I nostri visi erano talmente vicini che potevo sentirlo respirare e i suoi occhi erano talmente magnetici che mi fu impossibile evitarli. Nonostante il suo sguardo severo, come la posa del suo corpo e i tratti della sua mascella, mi sentii nervosa. Fui attraversata da una strana tensione, tanto fastidiosa quanto piacevole, e capii che Haywood avesse percepito la mia stessa sensazione quando chiuse per pochi attimi le palpebre dopo che si rese conto di aver appoggiato la mano sulla mia spalla.

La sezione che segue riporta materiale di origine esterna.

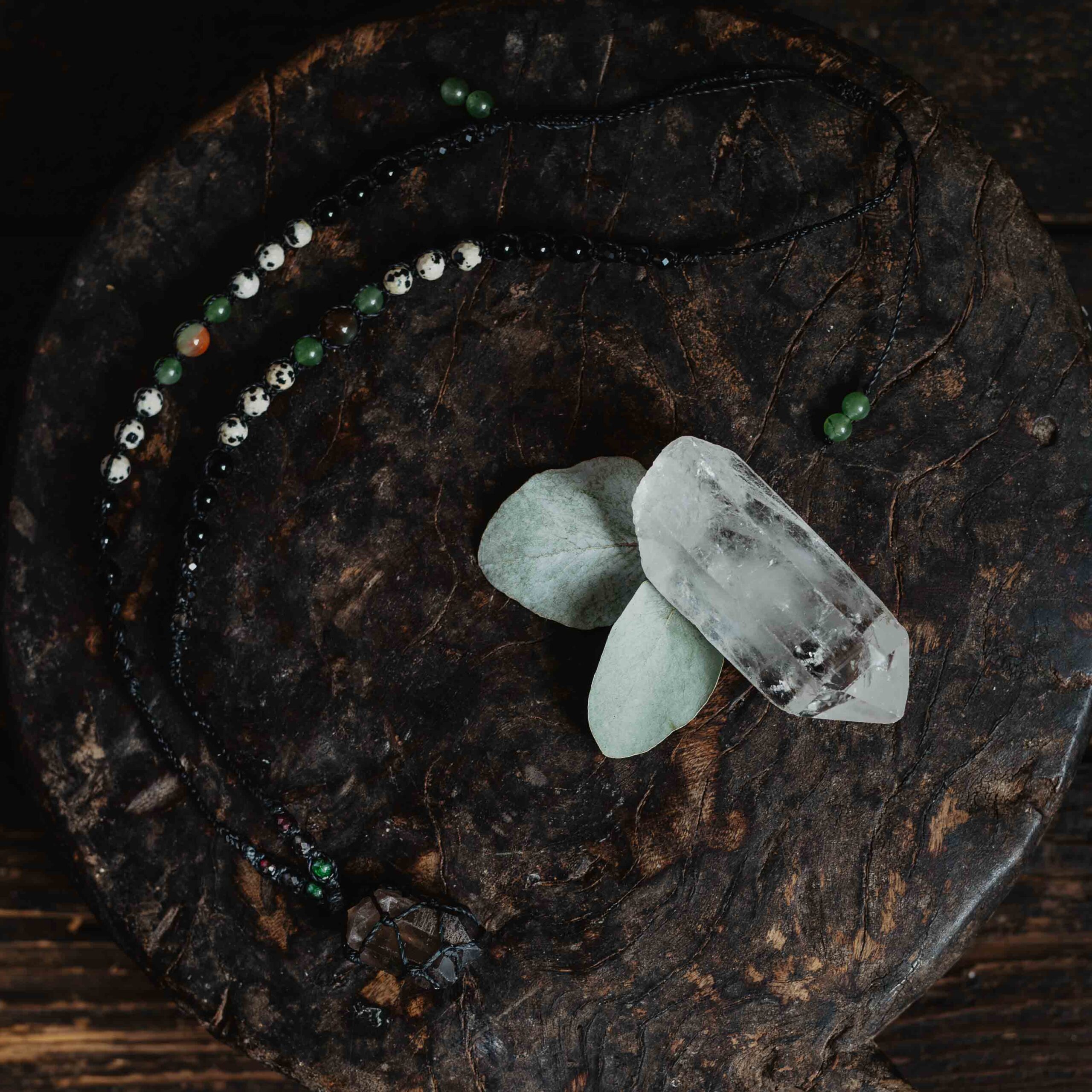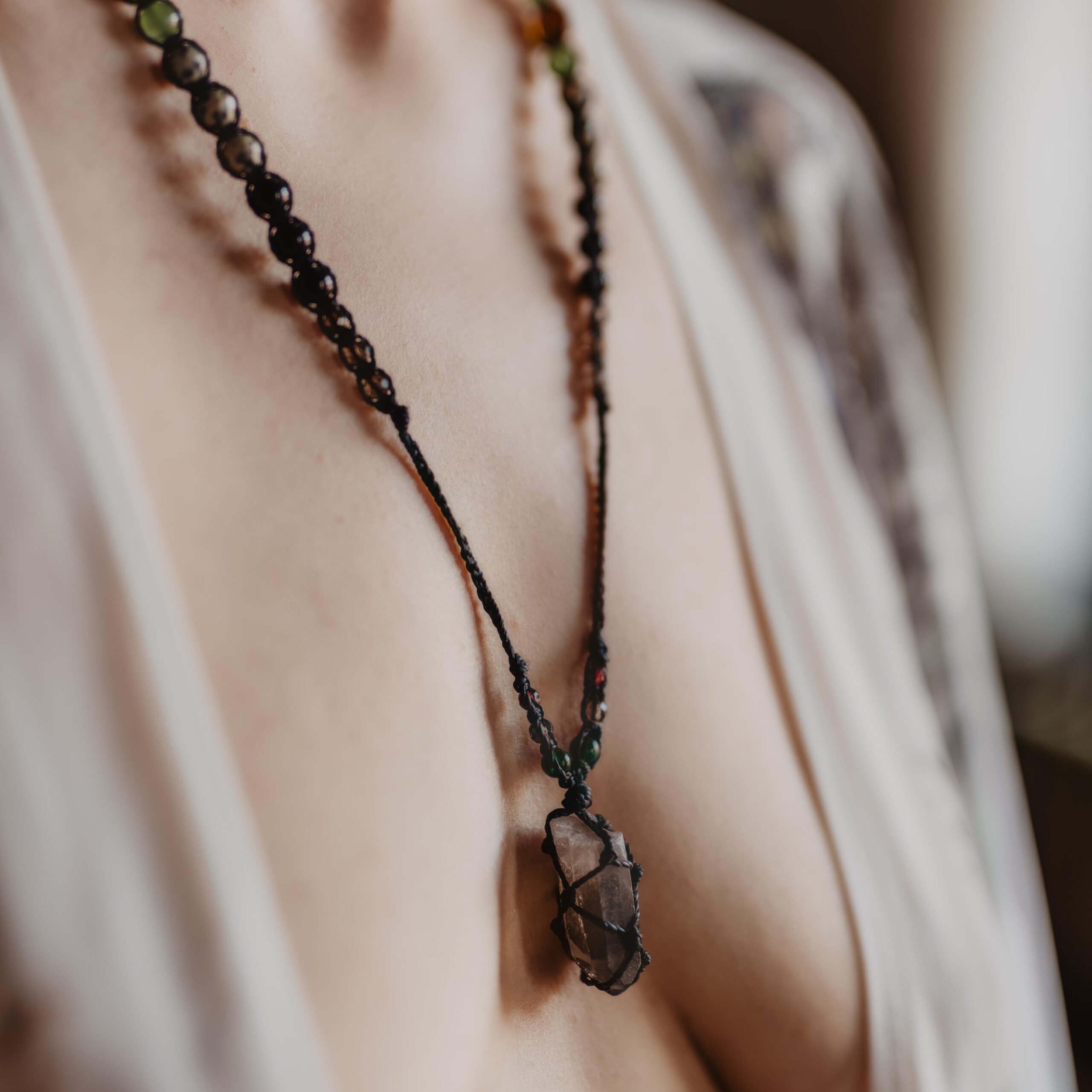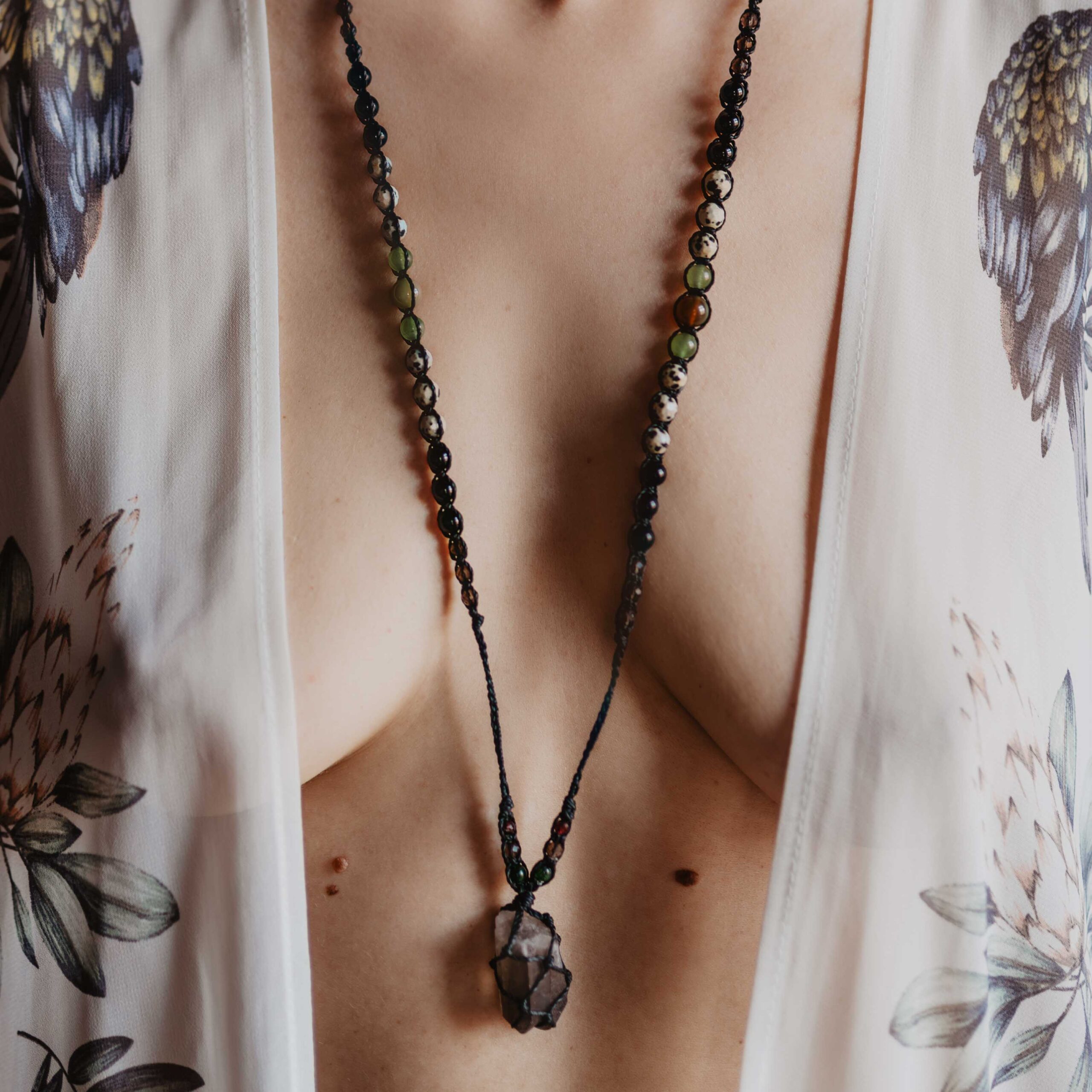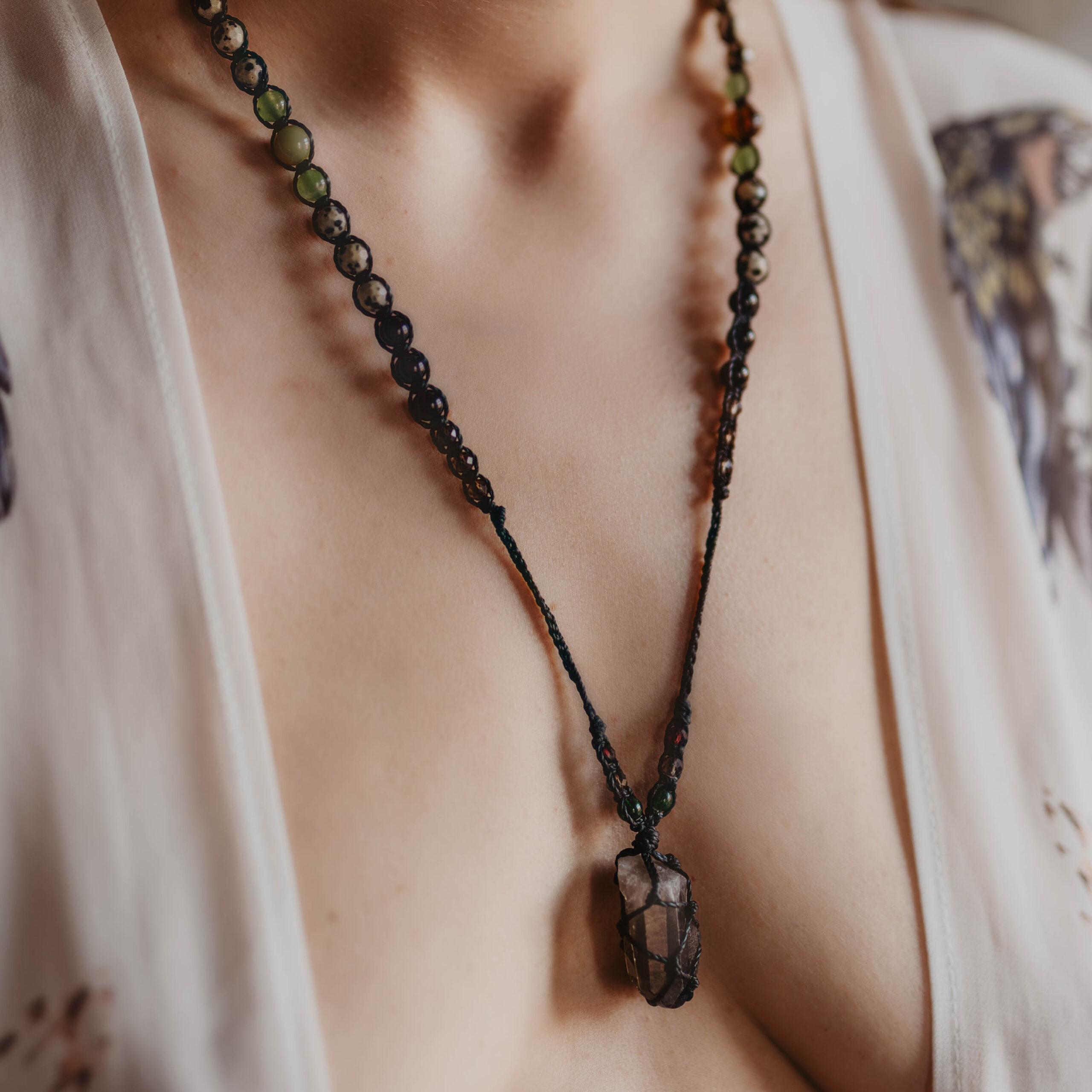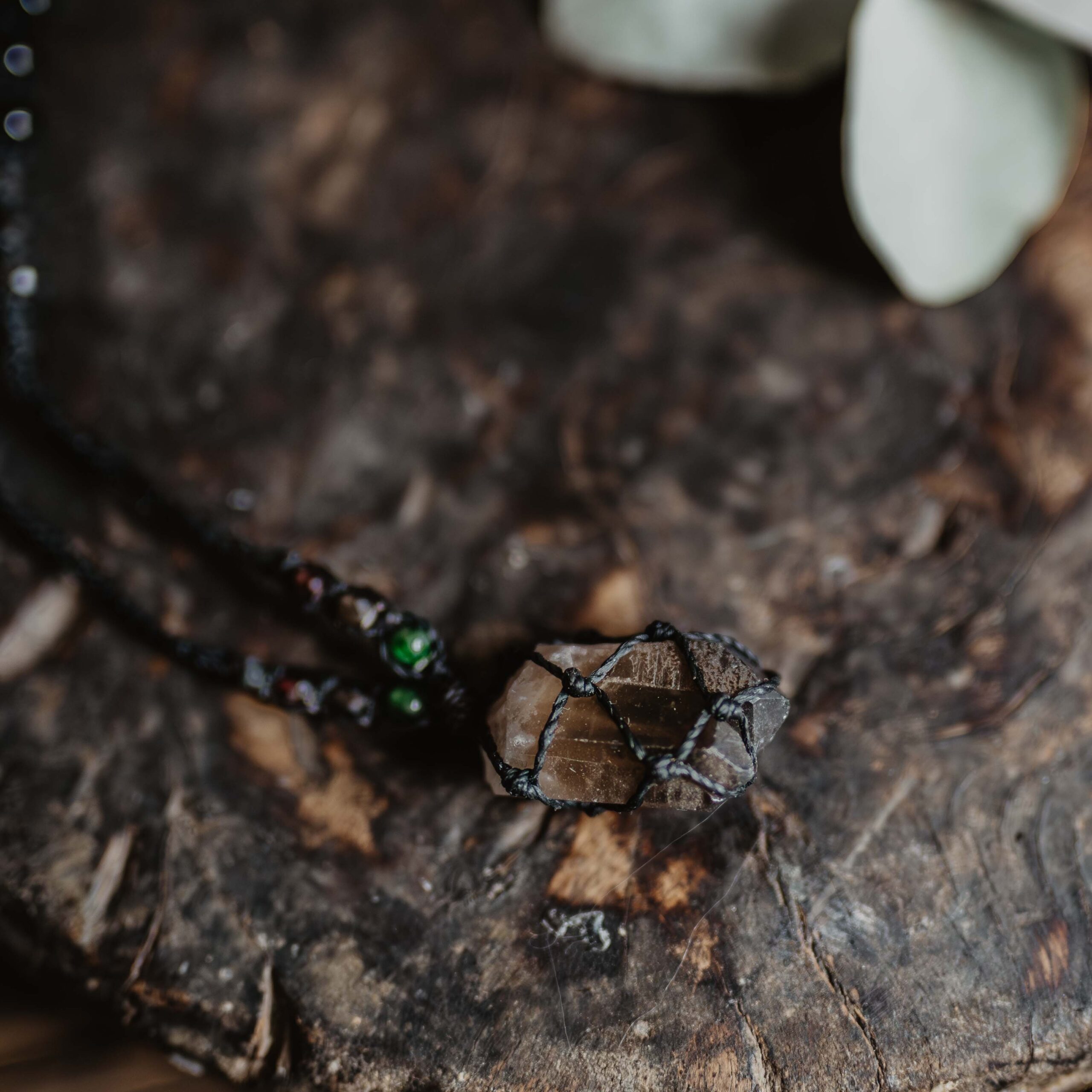 Kwarc Dymny jest kamieniem głębokiego uziemienia, transformacji i subtelnej mocy przemiany; symbolem tego, co ukryte, a jednocześnie przejrzyste wewnątrz cienia. Jego dymny odcień przypomina półcienie między światłem a ciemnością, jak mgła, która porusza się między sferami widzialnego i niewidzialnego, niesiona wymiarem pradawnej mądrości Ziemi i pierwotnej alchemii. Kwarc dymny działa jak strażnik równowagi między materią a duchem, osadzając świadomość w ciele i umyśle, a jednocześnie pozwalając dotknąć tego, co często pozostaje poza granicami zwykłego postrzegania- transmutując napięcia i ciężary w wewnętrzną klarowność i siłę stabilności. W intencji z archetypem Hekate, boginią magii, rytuałów i tajemnych ścieżek, kwarc dymny staje się kluczem do pełni świadomości, wewnętrznej mocy i starożytnych kodów wiedzy. Jako kamień uziemienia, łączy w sobie przeciwieństwa. Jego energia prowadzi przez procesy inicjacyjne i rytualne przemiany, pomagając odpamiętać to, co zanurzone w głębszych warstwach świadomości i zintegrować starożytną mądrość z Tu i Teraz. Kwarc dymny przypomina, że pełnia jako synchronia męskiego i żeńskiego, ducha i materii, jest możliwa wtedy, gdy światło i cień spotykają się w jedności, a tajemne klucze wiedzy odsłaniają się temu, kto odważy się wejść w rytuał przemiany.
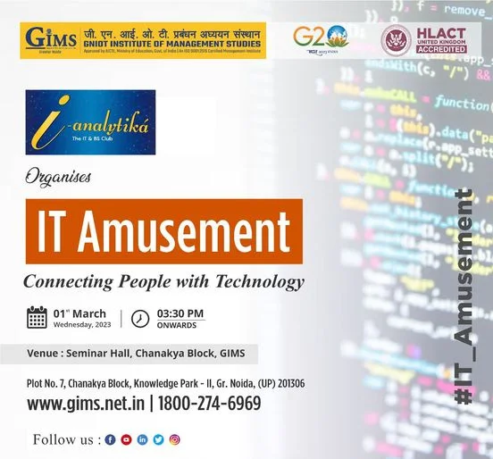 i-Analytica, the IT & BA Club of GIMS, Greater Noida is organizing first of its kind IT Amusement activities with an objective to create outlet for our students to express their ideas and explore their interests in the field of technology through Skits, Poems, Songs, and RAP performances on 1st, March 2023.

Il pollice alto a sfiorare gentilmente il mio collo.
Il contatto dei suoi anelli contro la mia pelle mi provocò un brivido e, spaventata dalla situazione che si era creata tra noi, cercai nuovamente i suoi occhi.
«Credo che sia arrivato il momento di metterci al lavoro.» Mi scostai rapidamente dal suo tocco e: «Lo credo anche io.» Concluse passandosi una mano tra i capelli.
Il resto della mattinata lo passammo, in silenzio, ad evitarci.